▶ WHAT IS REQUIRED: Down to the final line, write out the material beneath exactly, without pictures.

▶ EXERCISE INPUT:
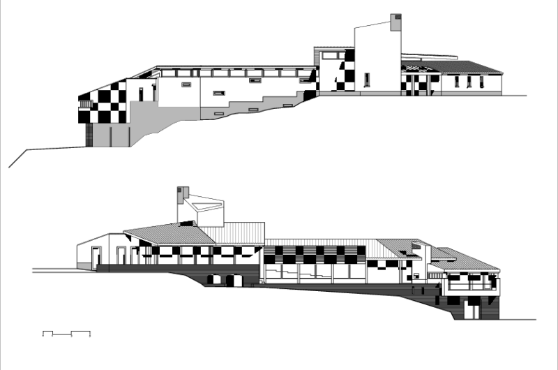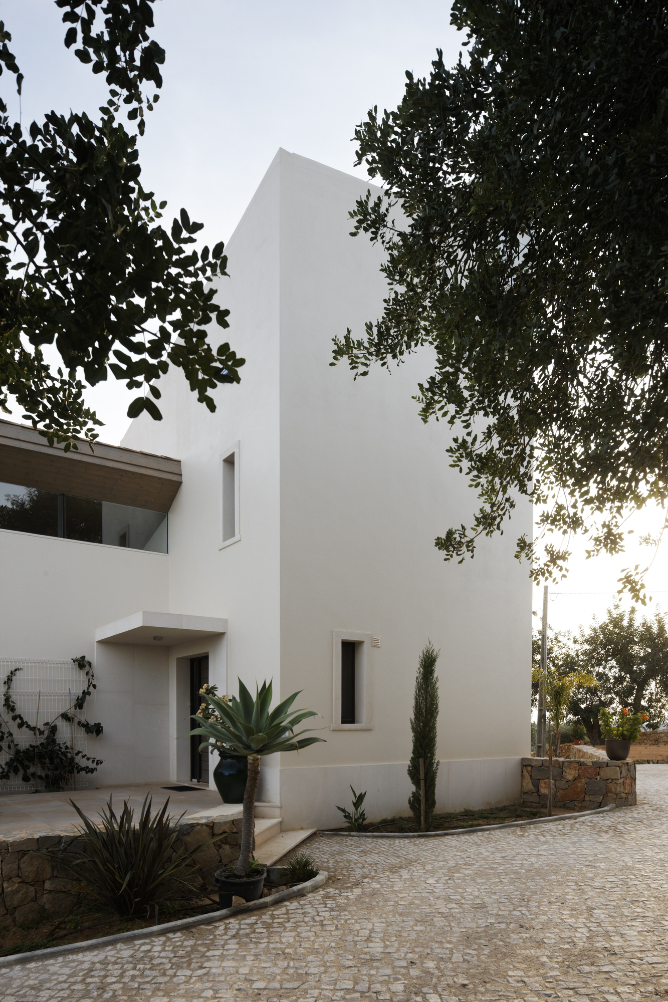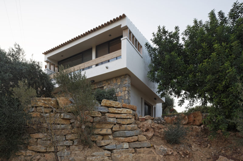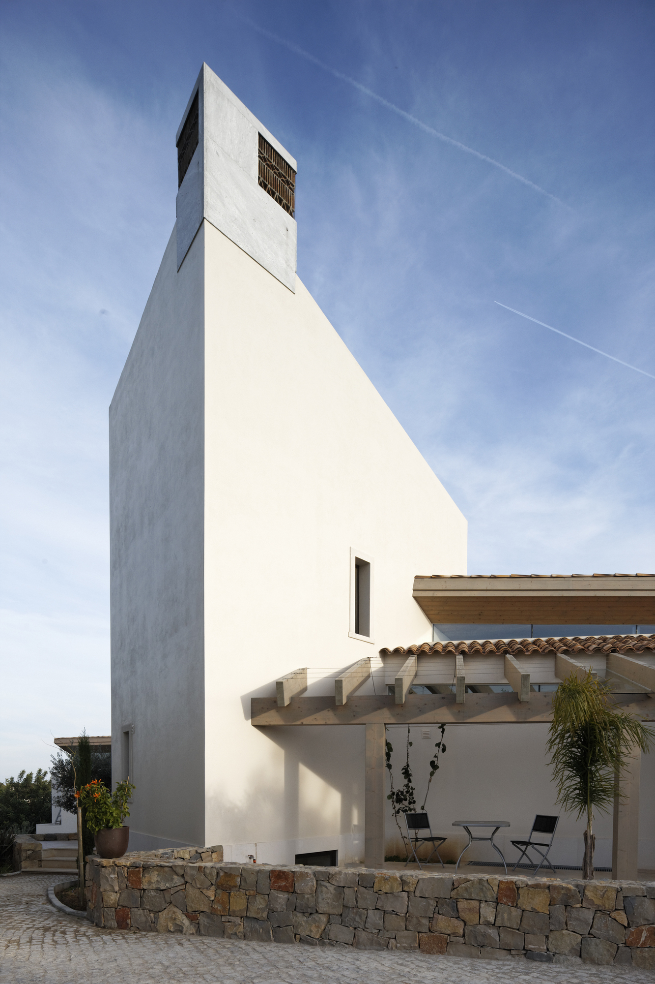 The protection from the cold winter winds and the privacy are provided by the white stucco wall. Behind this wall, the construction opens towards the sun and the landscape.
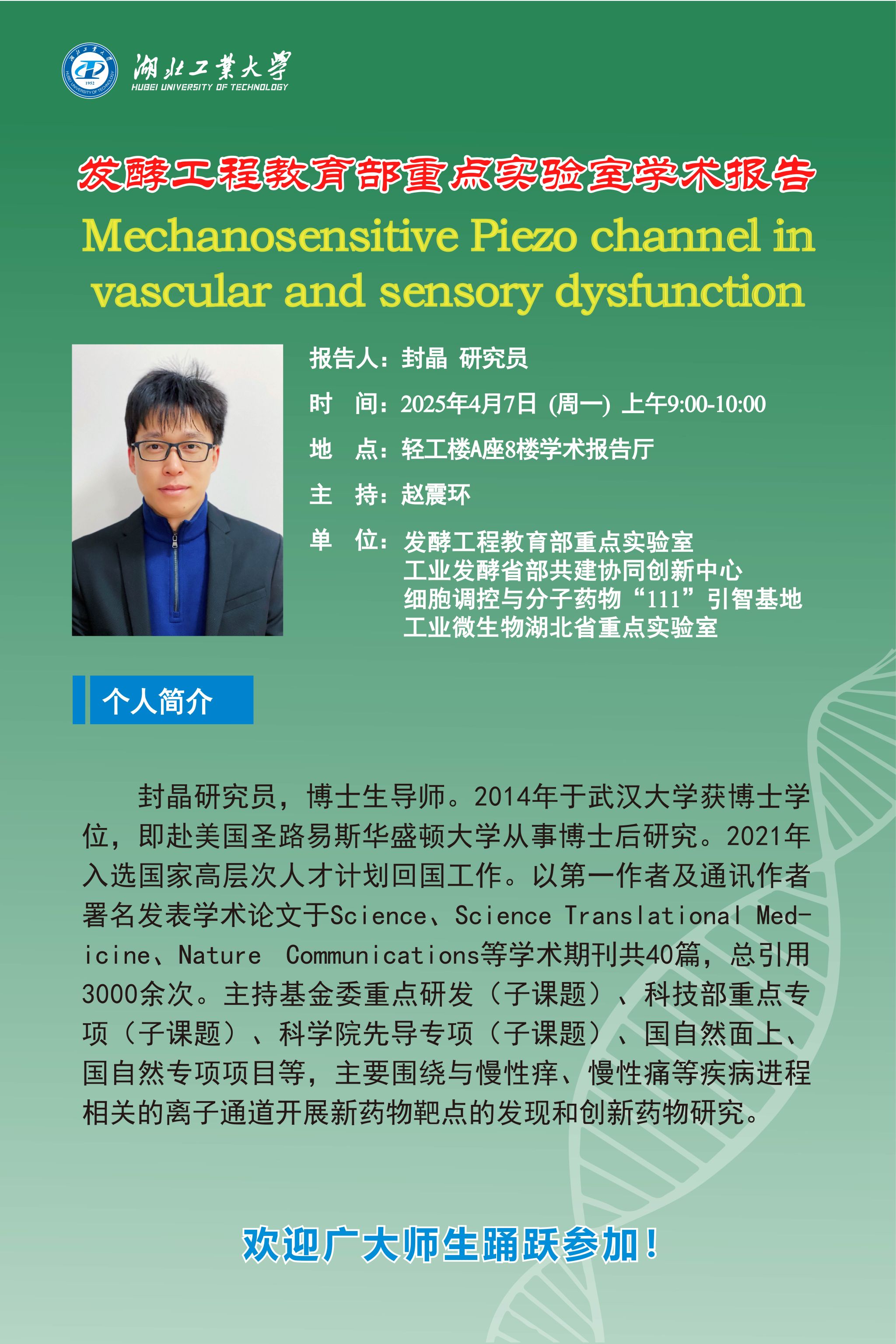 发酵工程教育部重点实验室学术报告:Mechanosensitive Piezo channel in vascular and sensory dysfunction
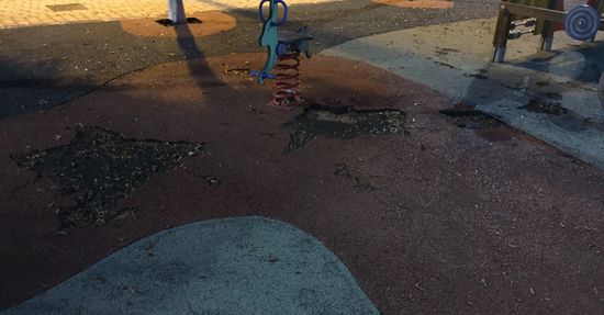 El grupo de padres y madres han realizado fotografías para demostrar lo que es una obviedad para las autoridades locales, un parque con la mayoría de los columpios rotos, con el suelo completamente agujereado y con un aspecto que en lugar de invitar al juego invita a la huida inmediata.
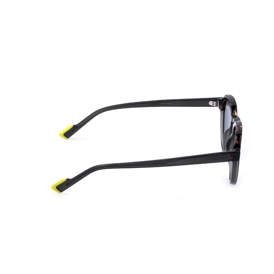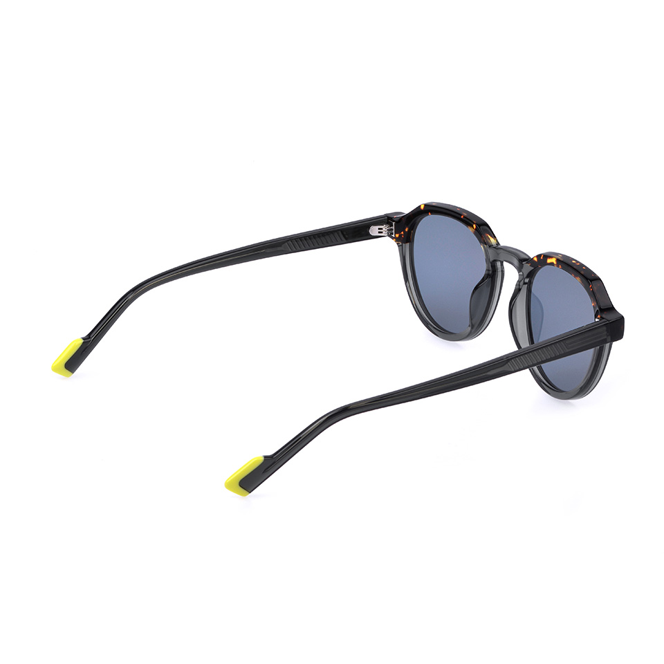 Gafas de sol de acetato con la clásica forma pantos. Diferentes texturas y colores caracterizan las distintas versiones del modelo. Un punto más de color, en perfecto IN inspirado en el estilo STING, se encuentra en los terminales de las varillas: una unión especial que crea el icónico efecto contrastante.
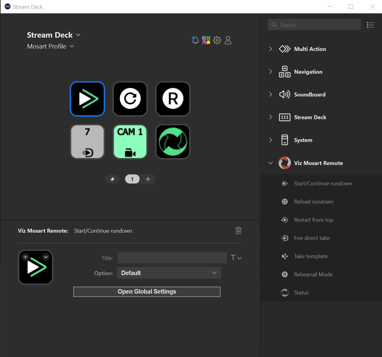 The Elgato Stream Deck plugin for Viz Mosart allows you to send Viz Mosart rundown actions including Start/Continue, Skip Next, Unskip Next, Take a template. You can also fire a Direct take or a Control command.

▶ OUTPUT:
 The protection from the cold winter winds and the privacy are provided by the white stucco wall. Behind this wall, the construction opens towards the sun and the landscape.
 发酵工程教育部重点实验室学术报告:Mechanosensitive Piezo channel in vascular and sensory dysfunction
 El grupo de padres y madres han realizado fotografías para demostrar lo que es una obviedad para las autoridades locales, un parque con la mayoría de los columpios rotos, con el suelo completamente agujereado y con un aspecto que en lugar de invitar al juego invita a la huida inmediata.
 Gafas de sol de acetato con la clásica forma pantos. Diferentes texturas y colores caracterizan las distintas versiones del modelo. Un punto más de color, en perfecto IN inspirado en el estilo STING, se encuentra en los terminales de las varillas: una unión especial que crea el icónico efecto contrastante.
 The Elgato Stream Deck plugin for Viz Mosart allows you to send Viz Mosart rundown actions including Start/Continue, Skip Next, Unskip Next, Take a template. You can also fire a Direct take or a Control command.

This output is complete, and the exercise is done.